Hario Woodneck (Nel drip cloth)

Daibo's signature: the thickest unbleached muslin with a single brushed side, its heavy nap slowing the drip to a velvety body.

Method

4:30 · total
  1. Bloom 1 / 5
    0:00

    Add 20g of coffee to the nel filter in a mound. Create a shallow well in the center. Begin dripping water in tiny drops from the center. Pour about 40g.

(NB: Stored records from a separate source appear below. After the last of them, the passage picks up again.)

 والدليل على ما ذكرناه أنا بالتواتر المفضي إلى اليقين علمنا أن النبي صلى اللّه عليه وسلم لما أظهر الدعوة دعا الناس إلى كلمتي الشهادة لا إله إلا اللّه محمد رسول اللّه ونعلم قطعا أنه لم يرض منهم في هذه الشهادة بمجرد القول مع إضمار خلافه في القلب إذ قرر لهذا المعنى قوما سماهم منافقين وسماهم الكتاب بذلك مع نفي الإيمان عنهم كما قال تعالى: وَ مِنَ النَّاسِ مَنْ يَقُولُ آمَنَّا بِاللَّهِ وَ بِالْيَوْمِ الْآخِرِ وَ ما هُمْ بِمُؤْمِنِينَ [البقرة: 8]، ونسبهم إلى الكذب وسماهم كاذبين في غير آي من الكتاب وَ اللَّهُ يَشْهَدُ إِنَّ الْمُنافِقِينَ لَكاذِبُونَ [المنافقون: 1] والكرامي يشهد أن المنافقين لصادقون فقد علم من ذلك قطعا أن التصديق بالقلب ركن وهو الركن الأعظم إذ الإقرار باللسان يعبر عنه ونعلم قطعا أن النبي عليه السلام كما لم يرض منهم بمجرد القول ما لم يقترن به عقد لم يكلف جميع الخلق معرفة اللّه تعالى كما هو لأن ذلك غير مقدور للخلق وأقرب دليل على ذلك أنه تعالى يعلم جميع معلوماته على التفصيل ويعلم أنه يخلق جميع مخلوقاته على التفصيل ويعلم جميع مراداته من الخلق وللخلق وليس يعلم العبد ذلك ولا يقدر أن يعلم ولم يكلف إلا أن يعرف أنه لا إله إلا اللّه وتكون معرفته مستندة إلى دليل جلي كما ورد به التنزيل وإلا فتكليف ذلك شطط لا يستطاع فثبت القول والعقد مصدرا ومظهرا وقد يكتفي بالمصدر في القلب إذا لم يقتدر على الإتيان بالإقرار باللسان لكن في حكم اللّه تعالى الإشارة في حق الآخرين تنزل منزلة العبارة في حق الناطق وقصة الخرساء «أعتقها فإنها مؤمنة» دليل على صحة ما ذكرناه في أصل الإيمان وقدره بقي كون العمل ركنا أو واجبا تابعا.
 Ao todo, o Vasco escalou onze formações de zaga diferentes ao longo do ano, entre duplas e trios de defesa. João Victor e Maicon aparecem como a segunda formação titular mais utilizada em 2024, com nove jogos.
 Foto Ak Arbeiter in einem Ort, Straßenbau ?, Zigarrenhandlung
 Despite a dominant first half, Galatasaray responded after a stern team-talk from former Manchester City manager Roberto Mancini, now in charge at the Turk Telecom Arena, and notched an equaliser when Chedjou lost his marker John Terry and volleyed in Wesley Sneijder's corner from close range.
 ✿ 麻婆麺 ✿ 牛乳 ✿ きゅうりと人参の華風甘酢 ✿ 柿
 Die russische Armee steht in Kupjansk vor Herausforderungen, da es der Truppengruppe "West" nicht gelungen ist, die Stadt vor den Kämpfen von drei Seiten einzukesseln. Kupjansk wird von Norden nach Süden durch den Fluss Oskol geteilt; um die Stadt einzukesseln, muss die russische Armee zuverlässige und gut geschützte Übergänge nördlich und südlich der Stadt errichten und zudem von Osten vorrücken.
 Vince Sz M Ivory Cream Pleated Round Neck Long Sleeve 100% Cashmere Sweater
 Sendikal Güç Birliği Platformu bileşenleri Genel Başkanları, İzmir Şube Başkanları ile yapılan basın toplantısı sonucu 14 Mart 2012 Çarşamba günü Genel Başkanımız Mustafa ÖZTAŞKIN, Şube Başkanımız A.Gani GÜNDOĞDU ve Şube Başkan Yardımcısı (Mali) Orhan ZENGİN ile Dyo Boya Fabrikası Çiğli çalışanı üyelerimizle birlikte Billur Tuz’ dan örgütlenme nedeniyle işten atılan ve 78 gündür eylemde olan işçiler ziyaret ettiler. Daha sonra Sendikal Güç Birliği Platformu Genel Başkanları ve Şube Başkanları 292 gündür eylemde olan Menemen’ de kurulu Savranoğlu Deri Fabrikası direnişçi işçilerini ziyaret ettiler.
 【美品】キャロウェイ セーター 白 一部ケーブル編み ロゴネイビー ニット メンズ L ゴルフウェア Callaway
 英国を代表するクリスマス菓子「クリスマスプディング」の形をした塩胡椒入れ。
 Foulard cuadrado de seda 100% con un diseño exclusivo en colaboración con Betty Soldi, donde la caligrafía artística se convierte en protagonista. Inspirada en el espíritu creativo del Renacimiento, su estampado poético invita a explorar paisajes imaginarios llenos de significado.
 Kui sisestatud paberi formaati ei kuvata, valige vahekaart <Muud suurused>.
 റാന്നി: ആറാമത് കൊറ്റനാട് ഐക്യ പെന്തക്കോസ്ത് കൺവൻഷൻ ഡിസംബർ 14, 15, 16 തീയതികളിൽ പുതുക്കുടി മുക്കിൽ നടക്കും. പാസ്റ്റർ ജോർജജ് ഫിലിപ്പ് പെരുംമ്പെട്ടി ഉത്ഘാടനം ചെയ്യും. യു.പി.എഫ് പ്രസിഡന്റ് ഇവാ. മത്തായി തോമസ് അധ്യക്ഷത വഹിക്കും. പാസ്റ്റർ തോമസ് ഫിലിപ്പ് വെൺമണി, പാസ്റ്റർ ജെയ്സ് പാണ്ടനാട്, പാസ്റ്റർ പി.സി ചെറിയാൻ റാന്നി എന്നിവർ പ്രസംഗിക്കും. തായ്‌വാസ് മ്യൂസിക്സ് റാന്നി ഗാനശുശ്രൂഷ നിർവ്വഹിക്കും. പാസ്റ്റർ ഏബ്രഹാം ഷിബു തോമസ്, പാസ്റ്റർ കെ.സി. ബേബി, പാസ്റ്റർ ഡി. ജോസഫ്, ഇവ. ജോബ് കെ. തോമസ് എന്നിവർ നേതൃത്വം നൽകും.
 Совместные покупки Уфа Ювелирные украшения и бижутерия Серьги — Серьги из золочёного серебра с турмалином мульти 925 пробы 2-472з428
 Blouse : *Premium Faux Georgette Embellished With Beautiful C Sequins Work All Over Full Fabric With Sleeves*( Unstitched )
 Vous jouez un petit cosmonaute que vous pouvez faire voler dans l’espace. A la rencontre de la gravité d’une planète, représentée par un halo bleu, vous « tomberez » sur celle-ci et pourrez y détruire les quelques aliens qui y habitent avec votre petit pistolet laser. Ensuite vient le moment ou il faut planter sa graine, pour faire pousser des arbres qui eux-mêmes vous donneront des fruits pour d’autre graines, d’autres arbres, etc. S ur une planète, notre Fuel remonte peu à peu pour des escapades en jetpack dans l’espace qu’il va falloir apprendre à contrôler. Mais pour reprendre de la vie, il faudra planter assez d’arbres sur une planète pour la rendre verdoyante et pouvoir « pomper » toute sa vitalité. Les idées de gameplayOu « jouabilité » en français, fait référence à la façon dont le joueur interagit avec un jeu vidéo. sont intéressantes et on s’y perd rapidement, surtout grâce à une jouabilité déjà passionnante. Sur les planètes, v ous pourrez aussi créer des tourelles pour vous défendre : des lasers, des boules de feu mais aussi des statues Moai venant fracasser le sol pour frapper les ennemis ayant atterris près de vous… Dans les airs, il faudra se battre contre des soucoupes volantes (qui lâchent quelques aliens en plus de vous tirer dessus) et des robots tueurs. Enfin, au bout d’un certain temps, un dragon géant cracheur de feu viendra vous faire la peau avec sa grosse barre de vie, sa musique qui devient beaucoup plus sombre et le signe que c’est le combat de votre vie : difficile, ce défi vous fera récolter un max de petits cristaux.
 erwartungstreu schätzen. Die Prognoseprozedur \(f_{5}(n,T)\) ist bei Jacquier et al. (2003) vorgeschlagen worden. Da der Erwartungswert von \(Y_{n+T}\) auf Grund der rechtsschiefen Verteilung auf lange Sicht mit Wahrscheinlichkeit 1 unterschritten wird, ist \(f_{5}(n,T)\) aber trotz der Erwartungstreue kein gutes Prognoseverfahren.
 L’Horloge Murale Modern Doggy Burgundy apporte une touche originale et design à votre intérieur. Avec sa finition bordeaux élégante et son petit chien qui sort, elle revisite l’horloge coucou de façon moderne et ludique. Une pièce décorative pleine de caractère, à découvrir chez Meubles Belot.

    +40g→ 40g Center pour 45s
  2. Pour 2 / 5
    0:45

    Continue dripping slowly in concentric circles, raising and lowering the filter. Roll your wrist to tilt the grounds. Add water to 120g.

    +80g→ 120g Spiral 90s
  3. Pour 3 / 5
    2:15

    Final slow pour to 200g. Keep the same drip-by-drip pace. Never rush.

    +80g→ 200g Spiral 90s
  4. Wait 4 / 5
    3:45

    Allow all water to draw through the flannel filter.

  5. Done 5 / 5
    4:30

    Brew complete. A religious experience in a cup. Rich, complex, velvety texture with no bitterness.

Notes

Source: Katsuji Daibo, Daibo Coffee Shop (doguya.store, home-barista.com). Daibo opened his kissaten in 1975. He uses the thickest unbleached muslin with a single brushed side. His modified kettle has a narrowed spout hammered for a very thin stream. The pour is not a stream but tiny drops like a leaky faucet, in concentric circles, raising and lowering the filter. The full cup takes nearly 5 minutes to filter.

Original source

Recipe by Daibo, published at youtube.com.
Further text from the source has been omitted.